We have posted about this a little earlier this year, but it’s worth mentioning again that the UK Information Commissioner’s Office, which is the data watchdog for the UK Government, continues to take tough measures with public sector organisations that have suffered data breaches.

Most recently, a UK healthcare organisation misplaced 3 unsecured USB flash drives with confidential patient details, and has signed an undertaking confirming that the Trust will take a number of steps to ensure personal data is kept securely.
 
The Assistant Commissioner at the ICO said: “I urge all NHS organisations to restrict and encrypt the amount of sensitive information stored on portable devices.
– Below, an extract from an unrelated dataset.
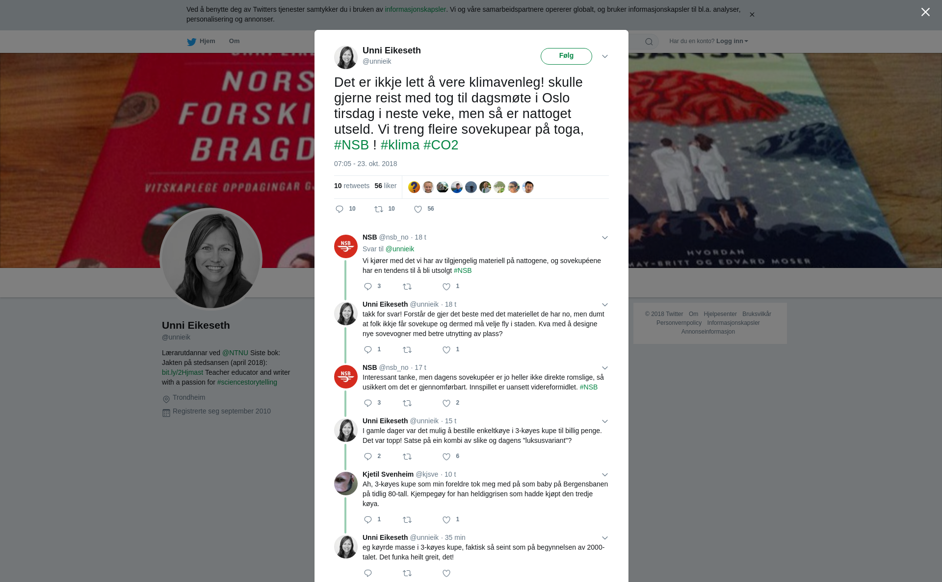 RT @unnieik: Det er ikkje lett å vere klimavenleg! skulle gjerne reist med tog til dagsmøte i Oslo tirsdag i neste veke, men så er nattoget utseld. Vi treng fleire sovekupear på toga,  #NSB ! #klima #CO2
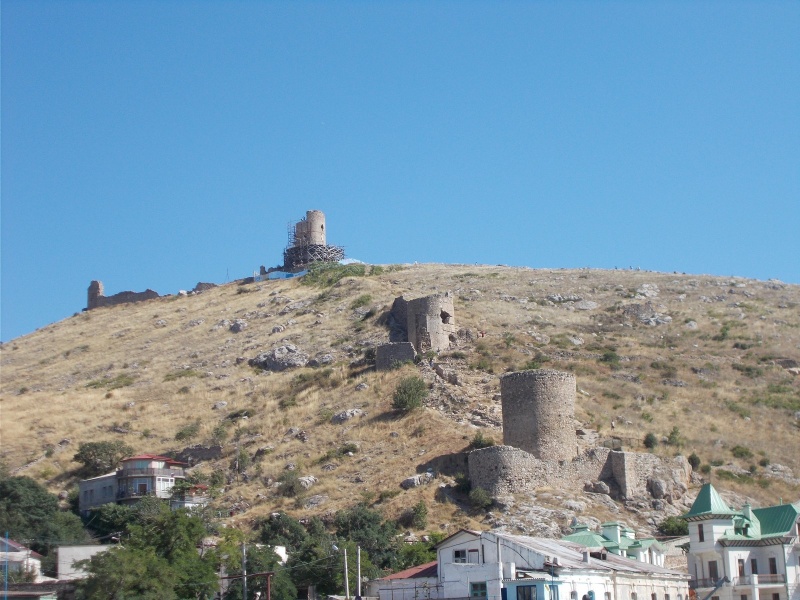 Пошли мы пешком из Фиростефани на мыс Скарос. Идти далековато, через другой городок. На мысе этом развалины старой крепости и виды на остров. Я боялась, что дочка не оценит - вроде для ребёнка ничего интересного... Поэтому я это обозвала словом "поход", а дочь в походах настоящих не была, сразу уже от одного этого слова воодушевилась.

In this case, our investigation found that there was a lack of understanding and awareness among staff of their responsibilities under the Data Protection Act.”

This is good practice, and a good argument for deploying secure USB flash drives.

The UK Ministry of Defence’s latest resource accounts (PDF at link) show that the department suffered eight serious data breaches from 2008 to 2009, compared with just two in the preceding year.

The biggest incident was the loss of a portable hard disk from a contractor’s premises, which contained the names, passport information and bank account details of an estimated 1.7 million service personnel.

Others included the theft of three USB sticks from “secure government premises”, which contained details of all RAF service personnel who served between 2002 to 2008 and details of family members. 

As with the data loss incidents involving HSBC we mentioned recently, the Ministry says it has launched a campaign to educate staff about the importance of data security, together with training courses on protecting information.  These are good signs.  But training alone isn’t enough – security demands a mix of policies and solutions in order to be effective.  There is still some way to go before we reach the target of true security for all personal data.

The UK Government is making giant strides in tightening up data security, and in public disclosure of security breaches, following the high-profile losses from public bodies over the past 18 months. 

The issue is being policed strongly.  This week, the Government’s Information Commissioner issued further warnings to a number of National Health Service bodies about the importance of protecting data, with instructions for them to adhere to the UK Data Protection Act.

Five healthcare bodies were found to have breached regulations, ranging from stolen laptops, lost CDs and lost USB flash drives.  All were unencrypted and all contained potentially sensitive patient data.

It’s good news that data protection and corporate governance is being enforced at this level.  With the right combination of policies and products, everyone’s data can be kept a little safer.

We often see newsflashes telling us about the latest data breach, caused by a lost thumb drive or stolen laptop.  But what happens after the initial loss?  What are the ramifications and the fall-out?

This article shows what happened after a loss of very sensitive data in August 2008, when an employee of IT contractor PA Consulting lost a USB flash drive with the details of all the UK’s 84,000 prisoners.

The contractor was working for the UK Government’s Home Office and human error led to the stick and the unencrypted data being misplaced.  The employee immediately told supervisors, who then told the UK Ministry of Justice (MoJ) and the Home Office.  Although police were brought in to search the offices and the employee’s home and car for the missing memory stick, it was never found.

The unhappy result was, the contractor lost its contract, and the employee’s and line managers’ jobs were lost too.  Home Office staff are now advised not to use flash drives.  All for a single data loss. 

The fact is, it’s impossible to stop devices getting lost or stolen.  But the risk can be mitigated – and the extensive, unpleasant fall-out stopped – by enforcing encryption on these devices.

Have you ever looked at all the data breaches that have occurred in the past 18 months, and thought “that couldn’t happen to me”?  The truth is, it can happen to anyone, and at more or less any time.

All it takes is a moment’s inattention to lose a thumb drive or disk.  And if the data on that device is not protected in any way, congratulations:  it’s your own data breach. 

To highlight that it can indeed happen to anyone, this article on Enrique Salem, president and CEO of security giant Symantec is revealing.  In it, he admits that he has personally lost a USB flash drive containing confidential information.

He also points out that certain data security features need to be automated – such as mandatory encryption, alerts to administrators in the event of protected data being accessed, and more.  This security best practice helps to ensure confidential data stays confidential. 

So if you’ve ever lost a flash drive in the past, don’t worry:  it can even happen to CEOs of security companies.  But if you think it cannot happen to you, you might want to think again.